I heard an interesting story on NPR during my evening commute.  The reporter posits:
"Social networks such as Facebook and Twitter are helping people keep in touch with friends and family. But just how social are those networks? Are Internet communities simply "real-world" cliques moved online?"


Quite honestly, I never pondered that Facebook was anything more than a digital clique.  Looking at my own cadre of friends on Facebook, I saw some interesting patterns.  I have 653 friends.  [Yes.  I know.  Those of you with more friends are thinking, "Oh how sad." and those of you with fewer friends are just jealous. It's all relative.]  For point of information, the average Facebook user has about 125 friends.  I appear to be ahead of the curve. 

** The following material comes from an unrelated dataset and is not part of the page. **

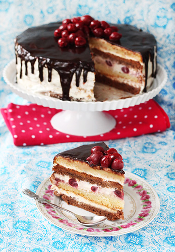 Kõigepealt valmista tainas, selleks sega omavahel jahu ja sooda. Sega hapukoor suhkruga ja lisa sõeludes jahusegu. Jaga tainas kaheks võrdseks osaks ja lisa ühele osale 2 spl kakaod. Võta kaks ühesuurust ümmargust koogivormi (24-26 cm) ja tõsta ühte vormi hele tainas ja teise tume tainas. Küpseta 190 kraadi juures u....

After my dear husband (453 mutual friends), the person with whom I share the most mutual friends is a girl that went to my high school. We have 53 mutual friends. Interestingly, we were not the best of friends back in high school.  I was too nerdy for her. Either I've become much hipper after all these years or she's mellowed with age.   

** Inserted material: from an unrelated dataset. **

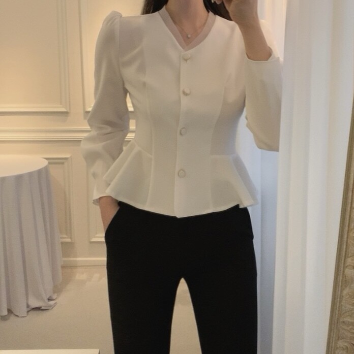 망사 넥 자켓스타일 플레어 단추 블라우스 (하객룩 오피스룩 모임룩)

The NPR story maintains that Facebook's software is designed so that our "Top News" shows items that we are more likely to agree with or comment on so we will tend to see news from our friends who are most like us.  If we don't comment on it or click on it,  Facebook, in turn, pushes the information (and future information from the same friend) off of our radar.  I suppose there is some truth to this.  As I look over my list of friends, I am amazed at how many of them show up so rarely in my News Feed.  Maybe they're just not as addicted to Facebook as I am.  

I do disagree with the diversity issue, though. I have friends who are straight, gay, single,  married, and divorced. I have friends in their teens and friends in their 60s.  My news feed is frequently filled with posts by those more liberal than me (yes, it's possible) as well as those so conservative they make Dick Cheney look like a tree-hugger. I must admit, though, that my list of friends is very....oh....how shall we say...white.  I'll have to work on that. 

  
If the issue is diversity, it seems that Twitter might be the answer.  According to the article, Twitter's public format creates a more diverse forum than the private profiles of Facebook, leading to more frank and honest discussions with a greater variety of strangers brought together by common causes as varied as political issues, TV shows, and favorite shopping venues.  I have yet to jump on the Twitter bandwagon but maybe this was the information I needed to push me over the edge. 

I don't want to be perceived as anti-social.